A study of pace‐maker potential in rabbit sino‐atrial node: measurement of potassium activity under voltage‐clamp conditions.

Abstract

1. A single sucrose‐gap voltage‐clamp technique was used to control the membrane potential and to measure current in rabbit sino‐atrial (SA) strips. K+ activity in the extracellular space was simultaneously measured using K+‐selective micro‐electrodes. 2. Using double‐barrelled K+ selective micro‐electrodes it was possible to measure the time course of accumulation or depletion of K+ accompanying a single action potential without complications arising from mechanical or electrical artifacts. 3. K+ activity in the extracellular space increased during the action potential and then decreased to base‐line levels during the diastolic depolarization phase.
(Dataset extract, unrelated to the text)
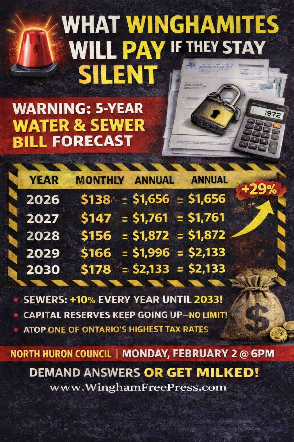 (Wingham, North Huron) — A current North Huron water and sewer bill confirms what many residents have suspected: utility costs are already high — and set to climb steadily for years, with no protection for ratepayers.

Single beat accumulations of 0.1‐0.4 M could be measured. 4. The magnitude of accumulation or depletion of K+ depended upon the membrane potential such that K+ accumulated at potentials positive to ‐50 mV (K+ efflux greater than K+ uptake) and was depleted from the extracellular space at potentials negative to ‐50 mV (K+ efflux less than K+ uptake). 5. The rate of K+ depletion was fairly constant during the time course of a clamp step within the range of diastolic depolarization (‐55 to ‐75 mV) even though the accompanying membrane current showed marked time‐dependent kinetics. 6. The total membrane conductance measured during the time course of the diastolic depolarization or during the time course of activation of time‐dependent ‘pace‐maker’ current remained fairly constant or increased. 7. No reversal potential for the time‐dependent ‘pace‐maker’ current could be measured at EK in solutions containing 2.7, 5.4 and 8.1 mM‐K+. 8. These results do not support the turn‐off a K+ conductance as the primary mechanisms for the generation of the pace‐maker potential in SA nodal tissue; rather the results are more consistent with the idea that activation of an inward current, with large positive equilibrium potential, is responsible for pace‐making activity.